Works
Overview

Camille Hoffman’s practice is a ceremony of reconfiguration and critical reflection on the romantic American landscape. Considering the embedded and latent meanings around light, nature, the frontier, borders, race, gender and power in influential American landscape paintings of past centuries, she uses materials collected from childhood and her everyday life, including holiday-themed tablecloths, discarded medical records, printed nature calendars, plastics and paint, to craft imaginary landscapes that are grounded in accumulation, personal narrative, and historical critique. Her paintings and installations are layered geographies, in which these fragments of cultural objects are chromatically twisted and blended into complex wholes. Taking inspiration from the Philippine weaving and storytelling traditions of her ancestors, along with traditional landscape painting techniques from her academic training, she interweaves image with refuse in order to reveal seamless yet textured transcultural contradictions. Disrupting visual perception, her scraps of materials take on new life, becoming a vehicle of territorial reclamation and spiritual agency for the artist amid the pressures of climate change as well as political and economic globalization.

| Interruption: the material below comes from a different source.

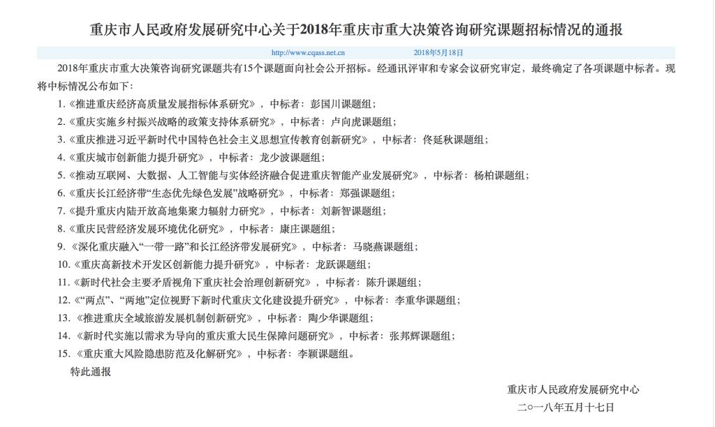 2018年5月17日,重庆市人民政府发展研究中心在其官网 主页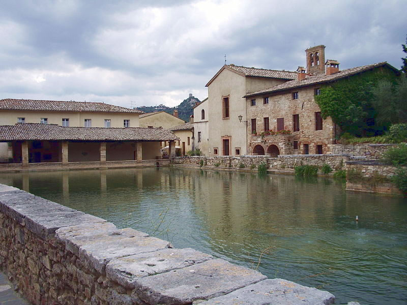 E' possibile immergersi anche nelle acque termali di Bagno Vignoni (13km.), conosciute fin dal tempo degli Etruschi e dei Romani. Il suo borgo conserva ancora l'antico aspetto urbanistico: la vasca, che contiene le acque termali, è posta al centro della piazza ed è chiusa per tre lati da una cinta muraria e nel quarto lato dal loggiato di Santa Caterina.

Camille Hoffman (b. 1987, Chicago, IL) earned an MFA from Yale University (2015), a BFA from California College of the Arts (2009), and was a recipient of the Carol Schlosberg Memorial Prize for excellence in painting from Yale University, a National Endowment for the Arts scholarship, a Benjamin A. Gilman International Scholarship, and the Van Lier Fellowship from the Museum of Arts and Design (MAD). She has exhibited her work throughout the United States and in Europe, and has been featured in publications including Art in America and The New Yorker. Solo exhibitions include See and Missed at San Luis Obispo Museum of Art (2022), Landing For Lolo at NADA House Governors Island (2021), Excelsior: Ever Upward, Ever Afloat at the Queens Museum (2019), and Pieceable Kingdom at the Museum of Arts and Design, New York, NY (2018). Prominent group exhibitions include Here We Land at Wave Hill (2019), A Thousand Plateaus at Jenkins Johnson Gallery, LifeWtr Open Gallery at Lincoln Center & Times Square, New York, NY (2017), and Music and Conversation at Yale University Art Gallery, New Haven, CT (2015). Hoffman has been an artist-in-residence at Fountainhead, Miami, FL (2021); Lower Manhattan Cultural Council SU-CASA (2019); Artist in the Marketplace (AIM) at Bronx Museum, New York, NY (2018); Children's Museum of Manhattan, New York, NY (2018); Wave Hill Winter Workspace, Bronx, NY (2018); QueenSpace, Long Island City, NY (2017); Museum of Arts and Design, New York, NY (2017); and the Yale University Office of New Haven and State Affairs, New Haven, CT (2015). Hoffman has also worked for 16 years as an arts educator and community organizer in Phoenix, the San Francisco Bay Area, New Haven, and New York City. She currently lives and works in New York, NY, teaches at The Cooper Union and Yale University.